Not AOR rock. (More like Big Black, according to Cairns himself.) But
then the bass broke. As it had all evening. The band took it in stride -- as
they had all evening -- and Cairns proved the consummate front man, killing
time with jokes, song snippets -- whatnot. As a last resort, he called out for
requests. Judas Priest, wouldn't you know. Not losing a beat, Cairns and trio
augment Martin McKeegan (also in charge of a fierce electric cello), launched
into "Breaking the Law." They chugged through it in good faith, but the more
they played the worse it sounded. Finally, Cairns brought it to a halt, and
wondered aloud "How did Judas Priest sell all those records?" Yeah, how? It
sounded so hollow, so cheesy. Everyone felt it. Not so of the ensuing and
impromptu version of "Teenager in Love," which every person in that room sang.

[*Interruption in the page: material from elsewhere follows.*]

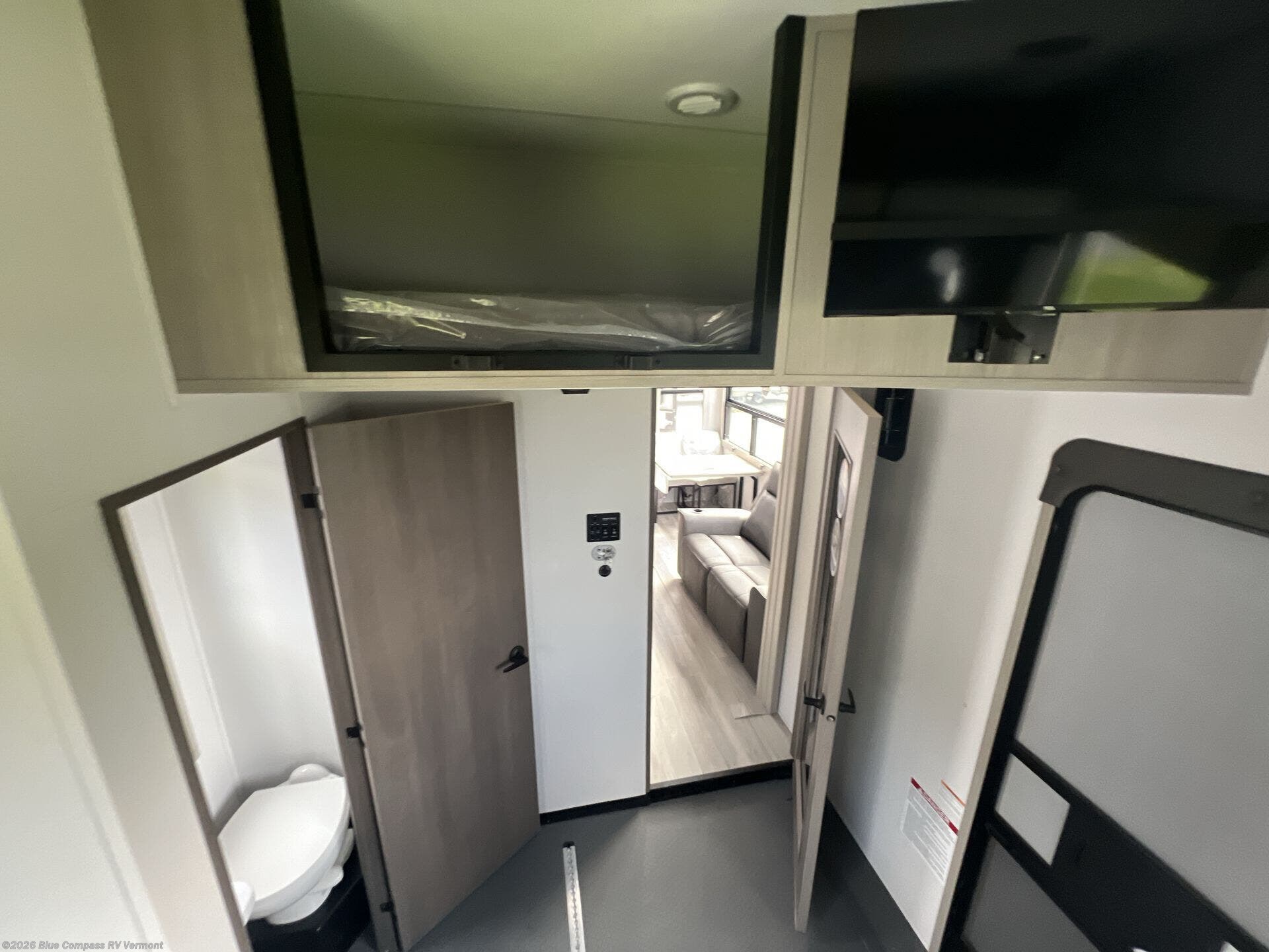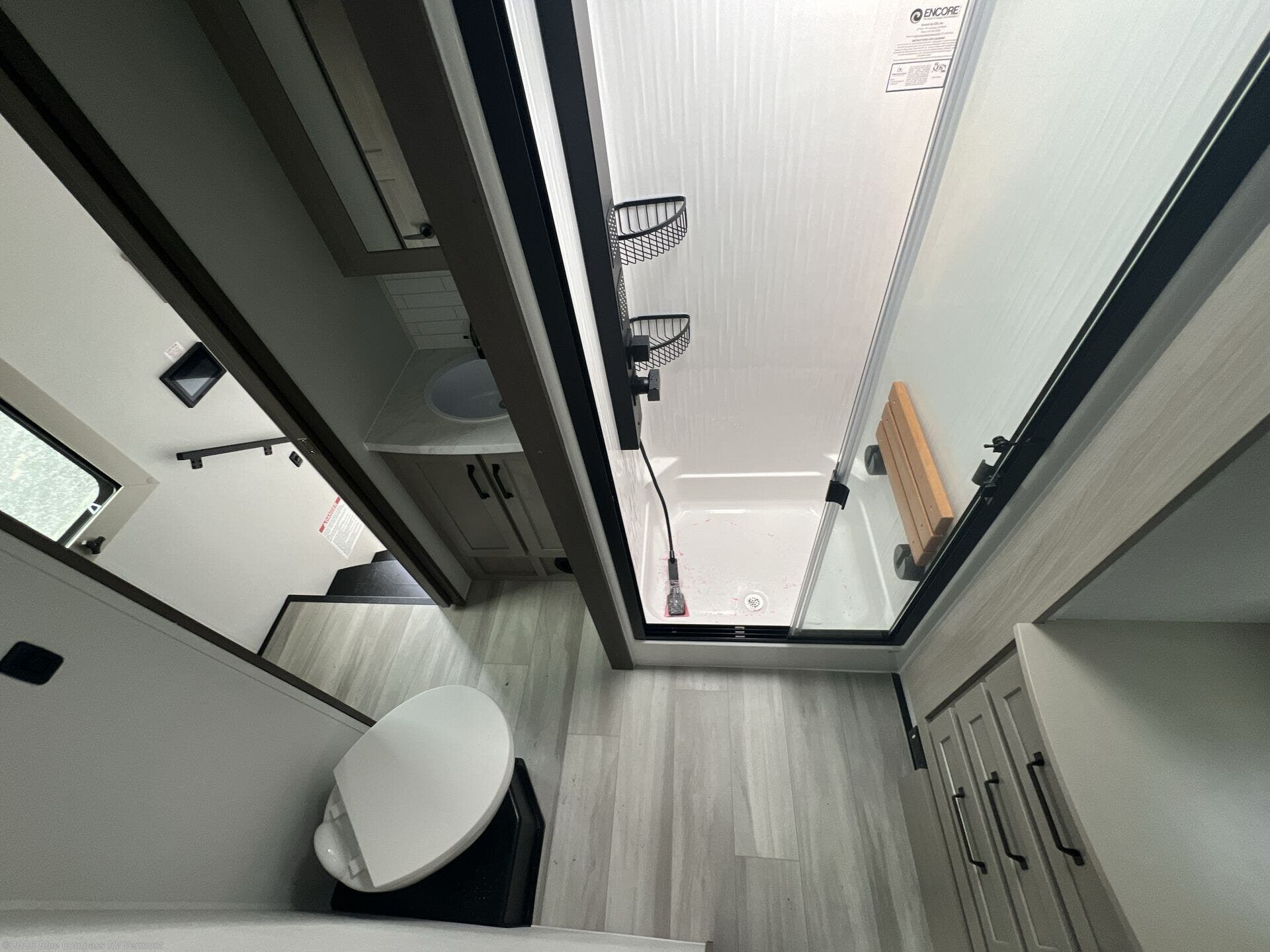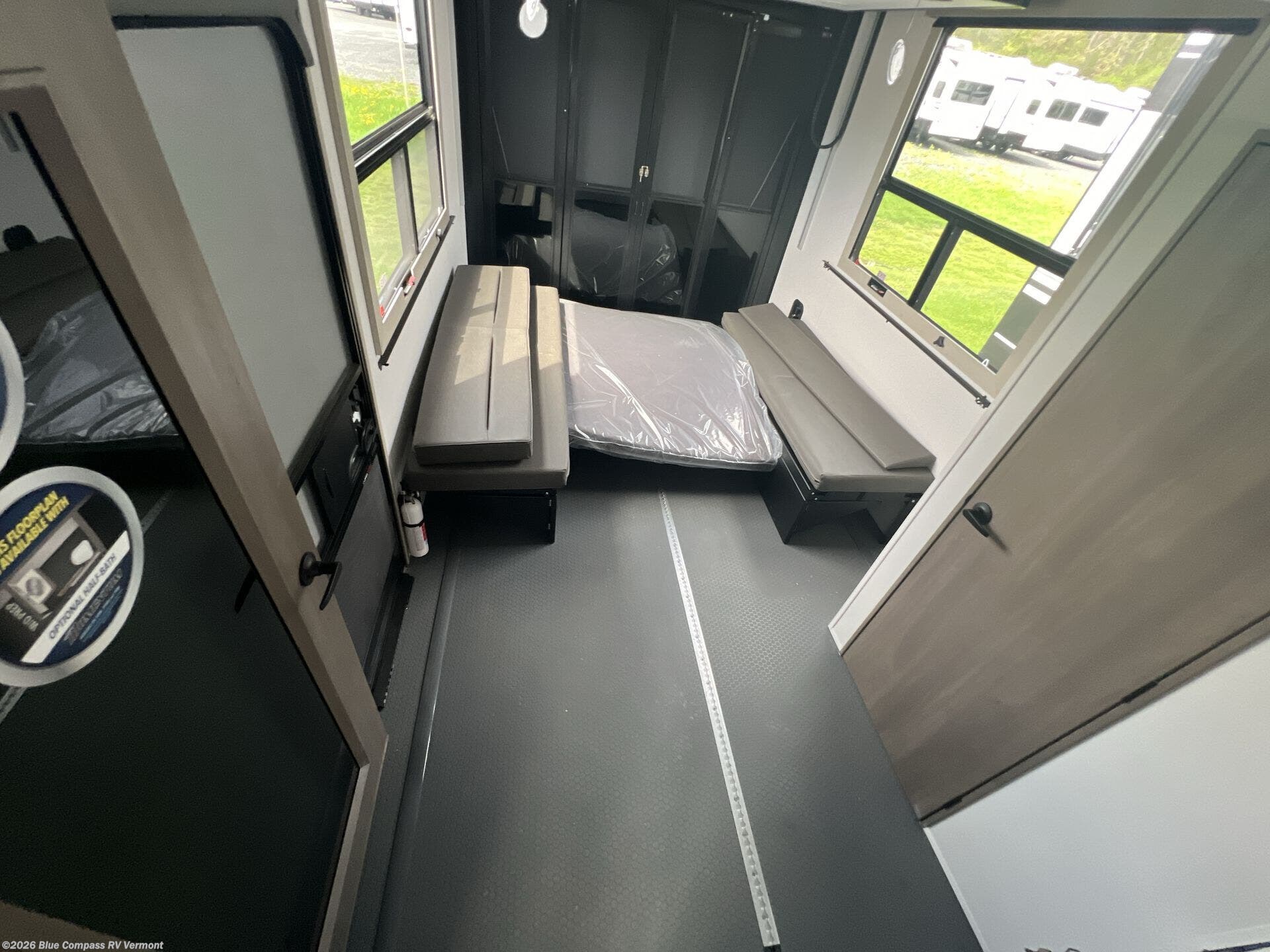 You want a toy hauler to carry your toys to the trails, and include many at-home comforts, and that's just what this unit delivers. A 14' separate garage includes an adjustable tie-down system, an optional Lifesuite System for more sleeping space, an optional half bath, plus washer and dryer prep. There is an overhead loft bed and an L-shaped sofa with recline in the main living area that offers sleeping space as well. Everyone can watch a movie on the LED TV with a fireplace below while sitting on the sofa, in the theatre seats, or while at the free standing dinette with four chairs. The chef will have upgraded appliances to make meals for everyone, an L-shaped countertop with a kitchen sink, and a USB charging outlet. You will love the shower with seat in the full bathroom with two space savings sliding doors that lead into the hallway, and into the front bedroom where you will have a walk-around queen bed, a slide out wardrobe and more USB charging outlets.

And when the bass came back, and the band ended their truncated set (they
jettisoned a four-song encore) with roaring versions of "Knives" and "Nowhere,"
from Therapy's more commercial bludgeoning,Troublegum, you knew you
could never go back to Judas Priest, Iron Maiden, or Def Leppard. "Was anybody
at Liberty Lunch last time we played here?" Cairns had asked earlier. About
one-third of the 75 people present raised their hands -- half the Lunch crowd
right there. They wouldn't have missed this show for the world. And if you were
ever an AC/DC fan or a fan of post-metal "alternative" hard rock -- Girls
Against Boys let's say -- you did miss out. Big time.